Renewed my cert but Chrome is still stating "Not secure"


#1

Hey!
Pretty new to this whole thing, but I believe I’m getting a hold of it.
Got a notification that the certificate had run out, so I needed to make a new one. Struggled with it for quite some time, but yesterday I finally got around to creating it. Felt like a great success, but when going to the site, it still says “Not secure” in Chrome.
I don’t know why, and can’t find anything on Google that can get me any further.

What can I do to remove the “Not secure” from my website?

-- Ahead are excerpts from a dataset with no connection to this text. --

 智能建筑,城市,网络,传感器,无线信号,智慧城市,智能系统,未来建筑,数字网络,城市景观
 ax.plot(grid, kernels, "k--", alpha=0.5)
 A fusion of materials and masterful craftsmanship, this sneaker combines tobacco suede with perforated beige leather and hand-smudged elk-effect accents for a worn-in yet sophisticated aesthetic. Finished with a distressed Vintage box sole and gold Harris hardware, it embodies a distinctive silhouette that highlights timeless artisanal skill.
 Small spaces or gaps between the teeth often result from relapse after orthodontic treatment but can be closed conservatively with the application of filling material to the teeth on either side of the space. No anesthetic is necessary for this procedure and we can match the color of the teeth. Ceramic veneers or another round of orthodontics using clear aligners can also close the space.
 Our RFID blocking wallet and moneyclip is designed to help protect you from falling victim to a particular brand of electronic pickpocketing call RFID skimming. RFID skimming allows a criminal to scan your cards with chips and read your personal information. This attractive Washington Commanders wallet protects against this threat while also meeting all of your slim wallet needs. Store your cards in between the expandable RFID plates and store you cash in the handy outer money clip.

My domain is: wifi.nodescloud.com

I ran this command: sudo certbot certonly --webroot -w /var/www/wifi -d wifi.nodescloud.com

It produced this output: Congratulations! Your certificate and chain have been saved at:
/etc/letsencrypt/live/wifi.nodescloud.com/fullchain.pem
Your key file has been saved at:
/etc/letsencrypt/live/wifi.nodescloud.com/privkey.pem
Your cert will expire on 2018-11-28. To obtain a new or tweaked
version of this certificate in the future, simply run certbot
again. To non-interactively renew all of your certificates, run
“certbot renew”

  • If you like Certbot, please consider supporting our work by:

My web server is (include version): Ubuntu 14.04

The operating system my web server runs on is (include version): nginx v 1.4.6

My hosting provider, if applicable, is: Amazon EC2 Instance

I can login to a root shell on my machine (yes or no, or I don’t know): Yes

I’m using a control panel to manage my site (no, or provide the name and version of the control panel): No


#2

Hi @jafr

certonly means: You have a new certificate, but you have to install it manual. Your website

https://wifi.nodescloud.com/login

uses a certificate created 2018-02-…


#3

Thank you for your reply!

How do I install it then? (might be a dumb question, but I’m fairly new to this)


#4

Certbot certificates

shows your certificates. There are the folder and file names.

Then you must find the correct place in your configuration file, there replace the older entry.


#5

Or, more likely, simply restart the web server.


#6

If I restart the EC2 instance, would that fix the problem?


#7

There’s a good chance it would. But you should be able to figure out exactly what needs to be done (a “reload” command to your web server would be my guess), and set certbot to do that after renewing the certificate, so you don’t need to do this every time your cert renews.


#8

If you don’t use your new certificate, restart wouldn’t change that.


#9

Then what do I do to tell my instance to actually use that certificate?

Running certbot certificates just returns:

Found the following certs:
  Certificate Name: wifi.nodescloud.com
    Domains: wifi.nodescloud.Preformatted textcom
    Expiry Date: 2018-11-28 13:06:45+00:00 (VALID: 89 days)
    Certificate Path: /etc/letsencrypt/live/wifi.nodescloud.com/fullchain.pem
    Private Key Path: /etc/letsencrypt/live/wifi.nodescloud.com/privkey.pem

#10

These paths and files you have to use.


#11

I’m really new to this, so I’m just gonna go and ask…

Use how? How do I tell it to use them?


#12

He’s already using a certificate, and its path hasn’t changed with the renewal. There shouldn’t be any need to reconfigure anything.


#13

How do I know which certificate is being used, caus according to certbot certificates I only have one. But it doesn’t seem like it’s in use, given that my site is still labeled insecure.


#14

Yes, you have one cert, at one path. Certbot has renewed it, but treats it as the same cert. If your cert was working previously, you should only need to reload your webserver to get it to use the renewed cert.


#15

It worked previously, but for some reason it isn’t working now.

I restarted the EC2 instance at AWS and reloaded the nginx afterwards.
Still getting marked as “Not Secure” though


#16

image


#17

Seems like my browser just preferes going to the http edition for some reason…
37


#18

So the issue has nothing to do with your certificate, it’s the lack of a working HTTP -> HTTPS redirect. Fix that in your nginx configuration and you’ll be set.


#19

Seems like it! Thank you for your help


#20

This topic was automatically closed 30 days after the last reply. New replies are no longer allowed.